The process continued, decontamination followed by wetsanding with P600, P1000, P1500, P2000, P4000.

I guess I took this pic while I was wetsanding with P1000



Anyways, after P2000 and dryed, the headlight looked something like so :







2 passes with FCP, 3 passes with Ultrafina, sealed with M-Seal revealed the final result :







Comments wellcomed.

Alex.


----------



## wojtek_pl (Apr 25, 2010)

:thumb: 
car was "blind" with xenon and hedlights faded like this.


----------



## paulmc08 (Feb 3, 2009)

Nice job fella


----------



## Jacktdi (Oct 21, 2010)

Excellent job.


----------



## samm (May 19, 2006)

Great job.


----------



## Jamie-O (Jan 28, 2010)

Massive improvement!


----------



## civicnz (Dec 24, 2010)

A big change!
One question, When will he come spend some time to be like before?


----------



## centenary (Sep 5, 2010)

Top job! Wish you were local to do my E46 lenses!

Beep, beep:driver:


----------



## AnalBeard (Dec 27, 2010)

that's a hell of an improvement!



centenary said:


> Top job! Wish you were local to do my E46 lenses!
> 
> Beep, beep:driver:


i'm going to be doing my e46 lenses in the new year, can't say i'm looking forward to it!


----------



## vectra ed (Feb 4, 2006)

A good job done there. I bet you can see the difference now.


----------



## tonyy (Jul 26, 2008)

very good job,now look awesome...


----------



## Sandman (Dec 19, 2008)

I never understood, the wetsanding. How do i know when it's too scratchy, the paper. I'm always afraid to scratch the headlight pattern too hard. 

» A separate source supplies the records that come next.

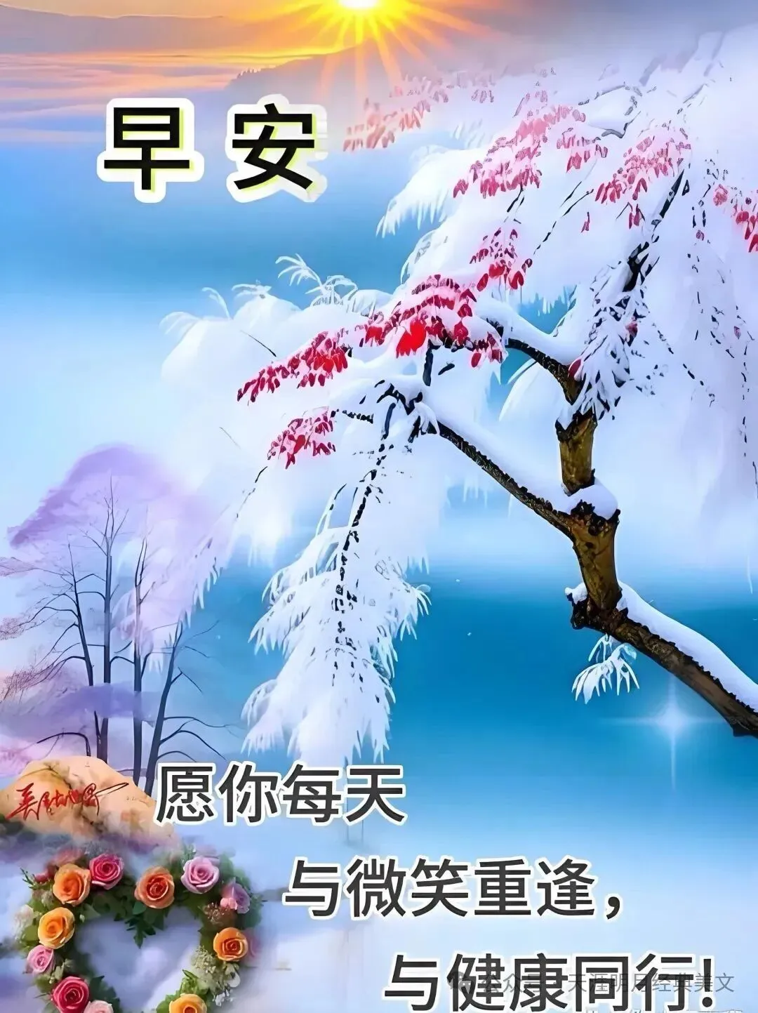 13、🌞早上好,月缓缓前行,情意深深留存,腊月寒意浓,情谊暖心中。深深情谊已珍藏,🌺用微笑点缀梦想,祝福悄悄来送上,🍀提醒一句记得添衣裳,腊月保暖,福寿绵长。雪花飞,雪花舞,🌞愿你永远快乐!朋友们早安!🌞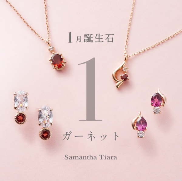 ガーネットにも色味は様々です。サマンサティアラでは深い赤色のガーネットと、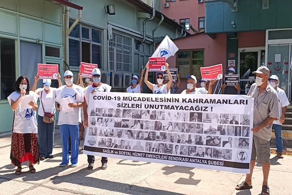 “COVİD Mücadelesinin Kahramanları Sizleri Unutmayacağız” pankartı açan SES üyeleri adına açıklamayı SES Antalya Şube Eş Başkanı Dr.Kaan Taşer yaparken, Antalya Tabip Odası Başkanı Prof.Dr.Nursel Şahin’de bir konuşma yaptı.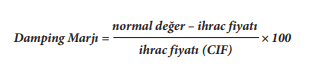 Damping marjı, normal değerin ihraç fiyatını aştığı miktarın CIF ihraç fiyatına oranıdır. Aşağıdaki şekilde formüle edilebilir.
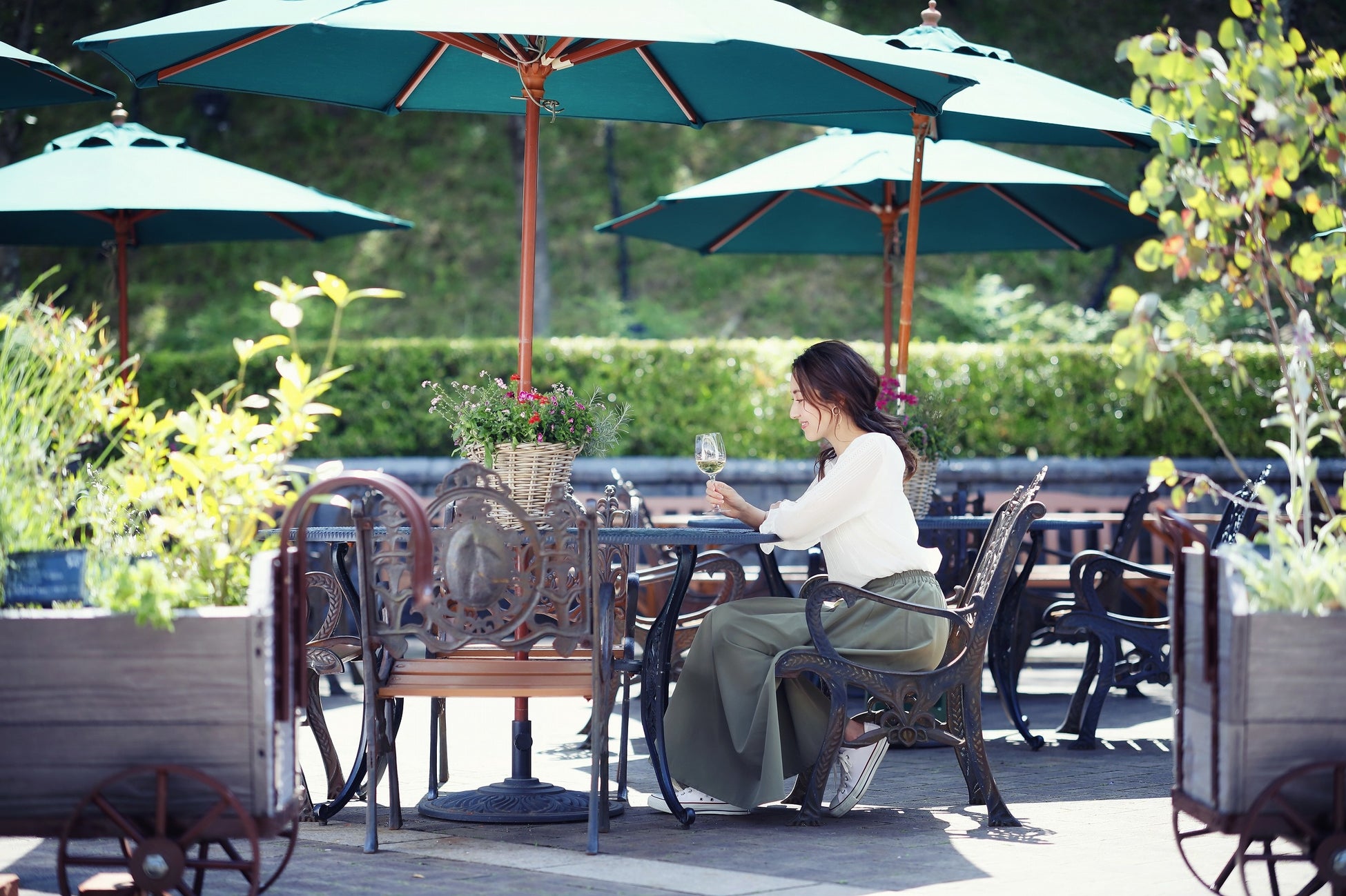 標高400メートルの広場にずらりと並ぶパラソルの下で、お昼からワイングラス片手に優雅に過ごす休日!3/19(土)より「ハーブマルシェ」を開催中!「デザートワイン」や「仔羊のブロシェット」が新登場。

Do i use the usual water for wetsanding, or some lubricant?


----------



## gargreen7 (Apr 12, 2009)

done this to my old Fiesta Zetec-S probably the best thing i did to it, 

looks great, good job mate


----------



## "SkY" (Apr 21, 2009)

great job:thumb:


----------



## Goodfella36 (Jul 21, 2009)

Great work there much needed


----------



## Focuslicious (Jun 29, 2010)

Very great job :thumb:


----------



## angajatul (Oct 14, 2008)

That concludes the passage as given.